Mr Barr’s final misstep came when he admitted the DOJ had not found any credible allegation of widespread voter fraud.

“There’s been one assertion that would be systemic fraud and that would be the claim that machines were programmed essentially to skew the election results. And the DHS and DOJ have looked into that, and so far, we haven’t seen anything to substantiate that,” Mr Barr told the Associated Press, also referring to the Department of Homeland Security.

Justice officials have received complaints about some shenanigans – just as they do every cycle.

"Voter fraud claims that had been submitted to the country’s top law enforcement department were “very particularized to a particular set of circumstances or actors or conduct,” Mr Barr told the wire service.

Mr Trump’s inner circle and conservative pundits have also railed against Mr Barr in recent days for not publicly announcing before the election that the DOJ had been investigating Hunter Biden, the president-elect’s son.

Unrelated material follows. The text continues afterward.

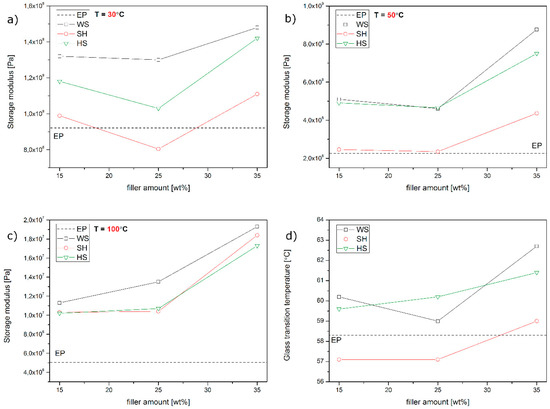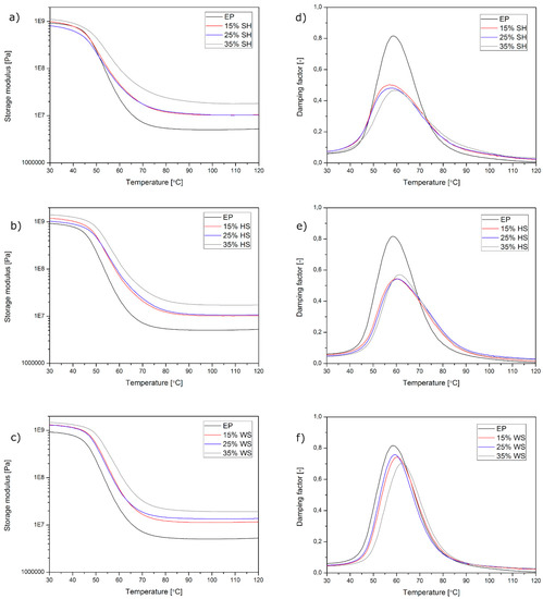 In Figure 5, the results of the thermo-mechanical evaluation of the composites are presented. The values of the storage modulus (G’) and damping factor (tanδ) are presented on separate graphs as a function of temperature (T) measured for unmodified epoxy resin cast samples and epoxy-based composites that were filled with various amounts of the three analysed natural fillers. As can be seen in Figure 5a–c, the incorporation of all the natural lignocellulosic fillers that were used in this study caused an increase in the composites stiffness in almost the whole considered temperature range in comparison to the unmodified polymer. This effect may be attributed to the presence of rigid filler structures that are dispersed in a polymeric matrix, which allows the composite sample to accomplish an effective stress transfer despite the softening of the epoxy resin. This effect is due to the increasing molecular chains mobility at elevated temperatures. The only deviation from this tendency was observed for samples containing 25 wt % of the ground SH. In this case, the effect of stiffness improvement was observed above 48 °C, that is, at the beginning of the composite glass transition. Usually, the storage modulus vs. temperature curve of fully cured epoxy resin and its composites consists of three temperature-dependent distinct regions: a glassy region at a low temperature, an intensive drop of storage modulus corresponding to α-relaxation, and a rubbery plateau at a high temperature [23,24,25]. The extended stiffness of composite samples at a glassy region is an effect of effective reinforcement of the polymer by natural filler, which improves the epoxy resin’s ability to support the mechanical strains with recoverable deformation [24]. The comparison of the storage modulus values that were measured at selected temperature (30, 50, and 100 °C) is presented in Figure 6a–c. The highest storage modulus was observed for the composites that were modified with ground WS. As was described in our previous work, the incorporation of this filler type into the epoxy resin provides a significant modification of the mechanical properties of the composites [26]. An increase in G’ value is a simultaneous effect of the filler stiffness, which enables an effective stress transfer during the load and interfacial bonding between the composite components [16]. The lowest stiffness of the composites was observed for epoxy castings filled with SH, and the biggest difference was observed at 50 °C. Those results are reasonable if they are discussed in reference to the measured composites glass transition temperature (Figure 6d). The glass transition temperature (Tg) of epoxy-based composites was determined at a peak of tanδ vs. T curves presented in Figure 5d–f. Detailed information regarding Tg is presented in the aforementioned Figure 6d. The incorporation of ground WS and HS results in an increase in the epoxy-based composites glass transition temperature, whereas the opposite tendency was denoted in the case of SH-filled composites. This phenomenon may be attributed to the chemical structure of the filler, as well as the shape of ground organic particles. The main difference in the chemical structure of the fillers used in this study is connected to the amount of lignin and fat [21]. Lignin is responsible for lingo-cellulosic material stiffness. A higher amount of lignin in organic fillers (HS 38 wt % and WS 35 wt %) results in an increased stiffness of those fillers in comparison to SH, which only contains 22 wt % of lignin [20]. What is interesting, the self-standing lignin that is incorporated into the polymeric matrix as a filler may be effective plasticizing agent [27,28]. Figure 6d shows the different effects of various organic fillers added to epoxy-based composites, whose glass transition temperature is mostly connected with the amount of fat in the agricultural waste plant fillers: the higher amount of fat, the lower glass transition temperature. In the case of SH composites that contain 8% of fat [21], glass transition temperatures were the lowest. The tendency in glass transition changes that were evaluated by DMA are in a good agreement with the experiments conducted with differential scanning calorimetry (DSC) described in our previous work [17]. It cannot be excluded that the observed lowered Tg in the case of SH-filled composites is partially connected with insufficient adhesion between the polymeric matrix and the filler, as well as increased porosity that is caused by hindered degassing in case of SH composites containing short fibre-shaped fillers. However, due to the observation of glass transition reduction effect by two different methods it can be stated that the dominant effect in the case the thermo-mechanical properties modification of SH-filled composites is caused by residual fat and oil migration. Effective plasticization of the polymer usually results in a simultaneously observed decrease of the Tg and an increase in the tanδ value at the peak as a result of the increased damping properties of the modified material. High amounts of fat in SH, which partially migrate from the organic particle to an interfacial region, provide a limitation in reactivity between the organic filler and the thermoset polymeric matrix, which may occur during the curing [26]. Higher values of the tanδ that were measured at α-relaxation may be related to poorer interfacial bonding between the matrix and the filler, which results in a higher mechanical energy dissipation [23]. On the basis of our previous studies concerning the effect of the filler shape, as well as migration of the fat and oil from agricultural filler on various polymers [17,29,30], it can be concluded that the reinforcing effect in the thermo-mechanical behaviour of the composites containing particle-shaped fillers may be suppressed by oil migration, resulting in simultaneously occurring plasticization of the polymeric mat

Doing so, they believe, would have legitimised the conservative mud-slinging against the former vice president’s son and put Mr Biden in an even more difficult political position to answer for his behaviour.

For most of his term as AG, Mr Barr appeared to be one of Mr Trump’s favourites.

They shared a vision of the Office of the President having vast powers, and seemed to have a sort of agreement to help one another codify as much of the “unitary executive” theory as they could.

Mr Barr misled the media about the contents of former special counsel Robert Mueller’s report on his years-long investigation into ties between Trumpworld and Russia and whether the president sought to obstruct his probe.

The attorney general backed the president’s claims about the potential hazards of mail-in voting and took aggressive action to tamp down violent pockets of racial justice protesters throughout US cities this past summer, leading to several high-profile showdowns with local elected officials, such as the mayors of Portland, Oregon, and Chicago.

And Mr Barr took several administrative actions to affect ongoing investigations and prosecutions into political allies of Mr Trump, including former Trump national security adviser Michael Flynn and former Trump campaign adviser Roger Stone.

GQ magazine correspondent and foreign policy writer Julia Ioffe had a parting query for Mr Barr.

“I have one question for Bill Barr: was it worth it?” Ms Ioffe tweeted on Monday.

Mr Rosen will replace Mr Barr on 23 December.

John T Bennett contributed to this report.